-- Dataset excerpt follows --
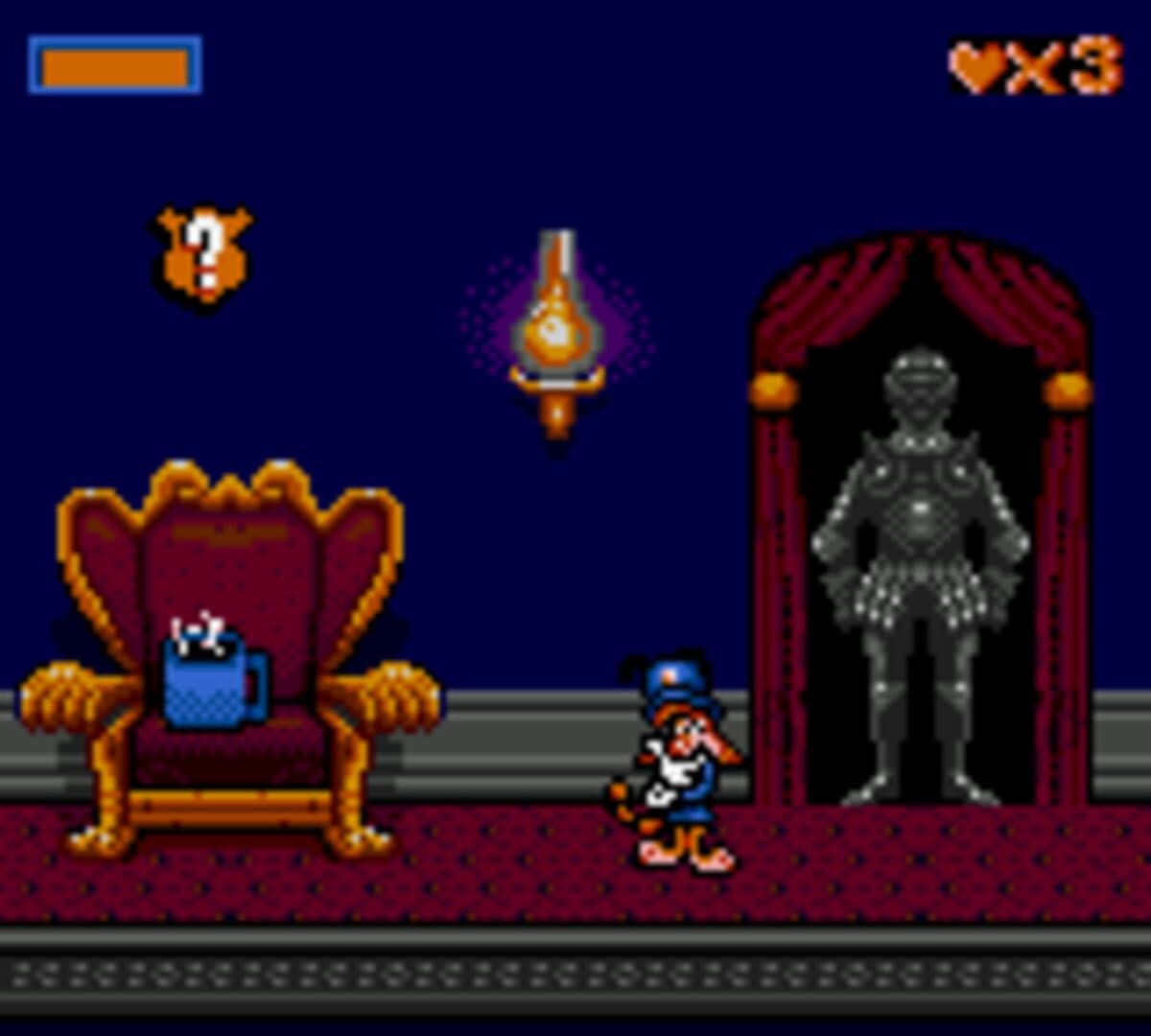 In this platform game, the player controls Bonkers through several levels where he must find 7 pickle clues. By pressing the pause button, a compass is shown, with the number of remaining clues and the direction of the next one. Bonkers can run (by holding button 1), jump (button 2) , duck and slide (by running and pressing the opposite direction on the d-pad). Bonkers will find several items to restore his health (like cups of coffee, donuts, slices of pizza and badges) as well as some bonus items. He'll also find some of his friends, like Marylin, who'll show him the way to bonus levels, where he must find pieces of the Toon Toaster. In these bonus levels, Bonkers will ride a mine cart in a rail course, trying to collect items.
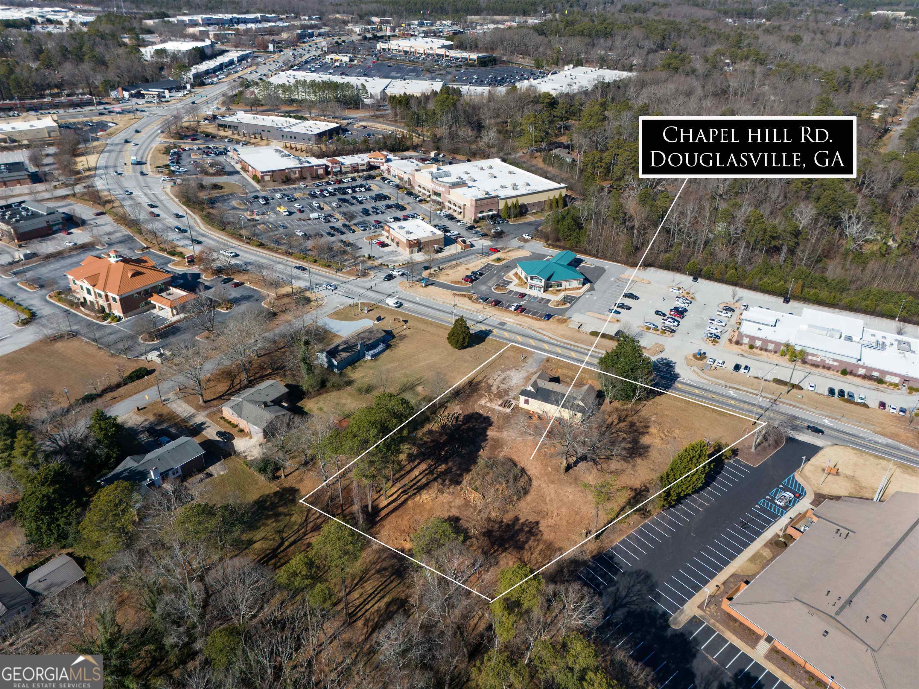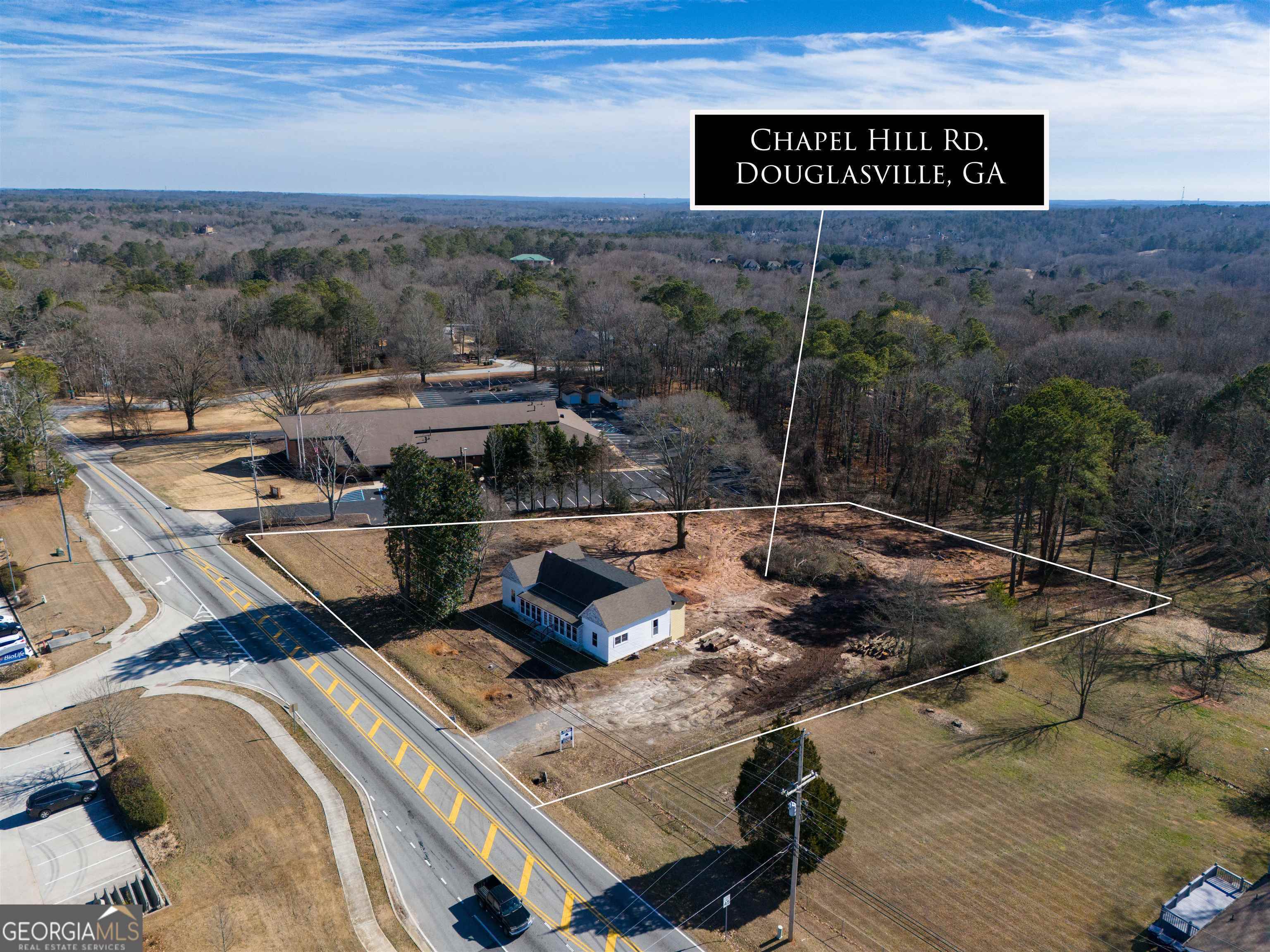 LOCATION, LOCATION, LOCATION - 1.4 Acre Lot on Chapel Hill Road in Douglasville! This Unique Property is Zoned Commercial and awaits your business aspirations. Surrounded by upscale retail, dining and residential developments. Douglasville, GA: A city on the rise! Exciting growth and opportunities are transforming this vibrant community. Large economic developments like Sam's Club's new fulfillment center in Douglas County, creating 600 jobs and investing over $142 million will significantly boost the local economy and increase the need for new thriving businesses and expansions. Douglasville is also becoming a destination for movie magic. Lionsgate Studios has chosen the city for its new film and TV complex, "Great Point Studios." Covering 40 acres and costing $160 million, this state-of-the-art facility will feature 11 sound stages. It promises to be an epicenter for creativity and a haven for filmmakers. Amidst this wave of development, Douglasville maintains its charm and sense of community. Historic downtown offers unique shops and delightful dining options. Located near Atlanta, Douglasville provides easy access to the city's opportunities while offering a close-knit community where neighbors support each other and local businesses thrive. BRING YOUR VENTURE OR JOINT VENTURES AND REALIZE THE TRUE POTENTIAL OF THIS AMAZING OPPORTUNITY!!
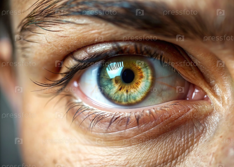 Близкий боковой вид человеческого глаза с зеленой и золотой радужкой
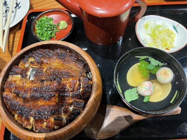 名古屋に来たのでひつまぶしを!と思って予約しました。予約できない店が多いので、予約できる店で選びました。個室(有料)も用意していただき、ゆったり堪能できました。味もよくボリュームも満点でした。薬味がネギとわさびだけだったので、もう少し他の薬味もあってらもっと嬉しかったかな。サービスの漬け物もあり、蛤のお吸い物もついてて大満足でした。
-- Dataset excerpt concluded --
> [To do]
Please return the material above unchanged, with every picture removed.

> [Result for this exercise]
 In this platform game, the player controls Bonkers through several levels where he must find 7 pickle clues. By pressing the pause button, a compass is shown, with the number of remaining clues and the direction of the next one. Bonkers can run (by holding button 1), jump (button 2) , duck and slide (by running and pressing the opposite direction on the d-pad). Bonkers will find several items to restore his health (like cups of coffee, donuts, slices of pizza and badges) as well as some bonus items. He'll also find some of his friends, like Marylin, who'll show him the way to bonus levels, where he must find pieces of the Toon Toaster. In these bonus levels, Bonkers will ride a mine cart in a rail course, trying to collect items.
 LOCATION, LOCATION, LOCATION - 1.4 Acre Lot on Chapel Hill Road in Douglasville! This Unique Property is Zoned Commercial and awaits your business aspirations. Surrounded by upscale retail, dining and residential developments. Douglasville, GA: A city on the rise! Exciting growth and opportunities are transforming this vibrant community. Large economic developments like Sam's Club's new fulfillment center in Douglas County, creating 600 jobs and investing over $142 million will significantly boost the local economy and increase the need for new thriving businesses and expansions. Douglasville is also becoming a destination for movie magic. Lionsgate Studios has chosen the city for its new film and TV complex, "Great Point Studios." Covering 40 acres and costing $160 million, this state-of-the-art facility will feature 11 sound stages. It promises to be an epicenter for creativity and a haven for filmmakers. Amidst this wave of development, Douglasville maintains its charm and sense of community. Historic downtown offers unique shops and delightful dining options. Located near Atlanta, Douglasville provides easy access to the city's opportunities while offering a close-knit community where neighbors support each other and local businesses thrive. BRING YOUR VENTURE OR JOINT VENTURES AND REALIZE THE TRUE POTENTIAL OF THIS AMAZING OPPORTUNITY!!
 Близкий боковой вид человеческого глаза с зеленой и золотой радужкой
 名古屋に来たのでひつまぶしを!と思って予約しました。予約できない店が多いので、予約できる店で選びました。個室(有料)も用意していただき、ゆったり堪能できました。味もよくボリュームも満点でした。薬味がネギとわさびだけだったので、もう少し他の薬味もあってらもっと嬉しかったかな。サービスの漬け物もあり、蛤のお吸い物もついてて大満足でした。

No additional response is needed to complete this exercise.